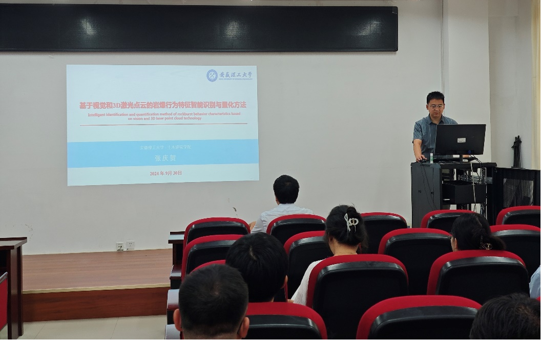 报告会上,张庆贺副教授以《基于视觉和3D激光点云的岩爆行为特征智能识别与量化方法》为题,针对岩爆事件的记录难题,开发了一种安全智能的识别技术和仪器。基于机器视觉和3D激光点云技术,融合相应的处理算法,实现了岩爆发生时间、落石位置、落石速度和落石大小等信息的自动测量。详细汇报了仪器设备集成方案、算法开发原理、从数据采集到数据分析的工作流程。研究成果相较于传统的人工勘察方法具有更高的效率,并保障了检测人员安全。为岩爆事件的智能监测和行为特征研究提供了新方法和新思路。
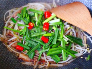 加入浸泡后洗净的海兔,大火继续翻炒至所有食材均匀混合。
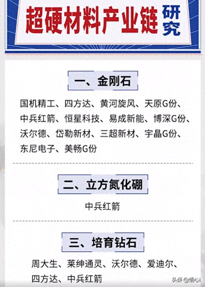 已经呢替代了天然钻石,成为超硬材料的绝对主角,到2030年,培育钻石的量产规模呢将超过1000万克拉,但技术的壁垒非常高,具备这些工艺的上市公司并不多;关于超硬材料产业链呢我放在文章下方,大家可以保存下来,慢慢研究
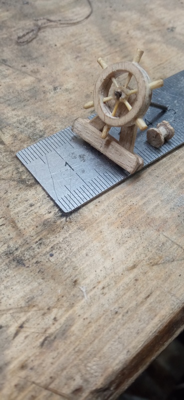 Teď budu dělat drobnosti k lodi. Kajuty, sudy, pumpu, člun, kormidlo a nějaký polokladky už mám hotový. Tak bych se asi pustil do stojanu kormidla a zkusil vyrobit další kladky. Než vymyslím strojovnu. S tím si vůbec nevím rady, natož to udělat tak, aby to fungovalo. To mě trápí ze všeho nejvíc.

━━━

Reproduce the material above exactly but drop all images.

 报告会上,张庆贺副教授以《基于视觉和3D激光点云的岩爆行为特征智能识别与量化方法》为题,针对岩爆事件的记录难题,开发了一种安全智能的识别技术和仪器。基于机器视觉和3D激光点云技术,融合相应的处理算法,实现了岩爆发生时间、落石位置、落石速度和落石大小等信息的自动测量。详细汇报了仪器设备集成方案、算法开发原理、从数据采集到数据分析的工作流程。研究成果相较于传统的人工勘察方法具有更高的效率,并保障了检测人员安全。为岩爆事件的智能监测和行为特征研究提供了新方法和新思路。
 加入浸泡后洗净的海兔,大火继续翻炒至所有食材均匀混合。
 已经呢替代了天然钻石,成为超硬材料的绝对主角,到2030年,培育钻石的量产规模呢将超过1000万克拉,但技术的壁垒非常高,具备这些工艺的上市公司并不多;关于超硬材料产业链呢我放在文章下方,大家可以保存下来,慢慢研究
 Teď budu dělat drobnosti k lodi. Kajuty, sudy, pumpu, člun, kormidlo a nějaký polokladky už mám hotový. Tak bych se asi pustil do stojanu kormidla a zkusil vyrobit další kladky. Než vymyslím strojovnu. S tím si vůbec nevím rady, natož to udělat tak, aby to fungovalo. To mě trápí ze všeho nejvíc.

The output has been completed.